Моне с Камиллой приехали в Лондон в октябре и, прежде чем переехать в Кенсингтон, жили неподалеку от площади Пиккадилли, на Эрандел-стрит, 11. Моне рисовал Темзу ниже Вестминстера, его восхищал настоящий спектакль, который словно разыгрывали лодки, таинственно исчезающие в желтовато-сером тумане.

Он безуспешно пытался продавать свои картины, пока случайно не познакомился с художником барбизонской школы Шарлем-Франсуа Добиньи, тоже эмигрировавшим в Лондон. Добиньи рисовал Темзу, как и Моне, но в отличие от последнего успешно реализовал свои работы.

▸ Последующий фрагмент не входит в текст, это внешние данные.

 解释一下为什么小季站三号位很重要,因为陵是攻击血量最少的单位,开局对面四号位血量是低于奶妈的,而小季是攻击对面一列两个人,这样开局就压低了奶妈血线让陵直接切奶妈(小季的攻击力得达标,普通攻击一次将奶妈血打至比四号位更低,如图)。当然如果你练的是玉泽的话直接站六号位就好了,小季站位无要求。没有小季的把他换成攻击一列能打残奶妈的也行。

– Я знаю, что вам нужно, – сказал он Моне. – Я представлю вас одному торговцу живописью.

На следующий день он познакомил Моне с Дюран-Рюэлем.

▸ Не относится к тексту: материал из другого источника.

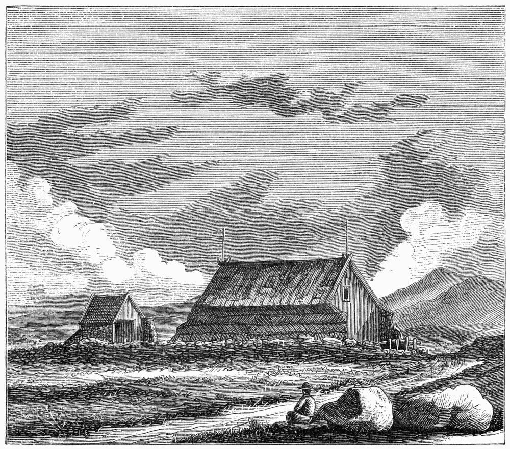 We then proceeded to the College Library, a detached building of solid construction, but suffering sadly from damp accumulating in the porous stone. In the big bluewashed room fires are neglected, consequently the books are damp and mildewed.[7] At the bottom,{9} above a broken globe, is a votive tablet erected to an English benefactor, Charles Kellsall of London, who supplied funds for the building, and who left it a library, which, they say, has not yet begun its journey Icelandwards: there is none to Mr John Heath, who printed the Rev. Jón Thorlaksson’s well-known Eddaic paraphrase of “Paradise Lost,” and to whom the Icelandic Literary Society owes a heavy debt of gratitude.
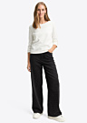 Tom Tailor sieviešu džinsa bikses ir jauneklīgas un stilīgas, piešķirot modernu izskatu ikdienas tērpam. Tām ir plati staru gali un paaugstināta jostasvieta, kas nodrošina komfortu un elegantu siluetu. Josta ir aizdarāma ar pogu un rāvējslēdzēju priekšpusē un aizmugurē, savukārt mirdzošie akmentiņi uz starām piešķir īpašu šarmu.

Зима 1870/71 года выдалась самой свирепой на памяти старожилов. В Париже сыпал и тут же замерзал ледяной коркой снег. В новом году триста – четыреста снарядов в день по-прежнему обрушивалось на улицы города. 15 января правительство обсуждало вопрос о возможной капитуляции. Ораторы на митингах в Бельвиле призывали к установлению Коммуны как к последнему спасению. Войска прошли маршем перед Триумфальной аркой. Моризо узнали, что их сын Тибюрс хоть жив и здоров, но взят в плен в Майнце.

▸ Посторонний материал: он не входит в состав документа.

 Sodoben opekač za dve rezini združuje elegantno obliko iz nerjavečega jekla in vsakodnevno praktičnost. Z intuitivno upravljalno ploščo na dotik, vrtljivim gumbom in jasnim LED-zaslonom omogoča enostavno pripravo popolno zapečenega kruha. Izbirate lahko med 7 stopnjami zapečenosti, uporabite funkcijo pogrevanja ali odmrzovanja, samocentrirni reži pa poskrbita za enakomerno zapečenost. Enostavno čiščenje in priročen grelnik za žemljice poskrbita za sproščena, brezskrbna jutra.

17 января Мане уже снова был на бастионе.

«Хоть я ненавижу подчиняться военному командованию… это все же лучше, чем болеть, – написал он Сюзанне. – Сегодня вечером я развлекался тем, что писал твой портрет с фотографии на маленьком кусочке слоновой кости. Как я мечтаю увидеть тебя снова, моя бедная Сюзанна. Не знаю, что без тебя делать».

Теперь уже казалось, что вся земля покрыта ранеными и погибшими. Калеки переползали улицы на четвереньках. Толпа бельвильцев под барабанную дробь маршировала к ратуше Двадцатого округа, опустошая по пути все продовольственные и винные склады. Лидеры левых заняли позицию перед зданием, и впервые французы начали стрелять друг в друга. Тьер понимал, что либо должен договориться о перемирии немедленно, либо впереди – гражданская война.

18 января король Вильгельм Прусский, окруженный германскими князьями и генералами, был провозглашен германским императором в Версальском дворце. Париж продолжал храбро сражаться, но сражаться оставалось недолго. Десять дней спустя, после четырехмесячной осады, столица сдалась. На улицах воцарилась непривычная тишина.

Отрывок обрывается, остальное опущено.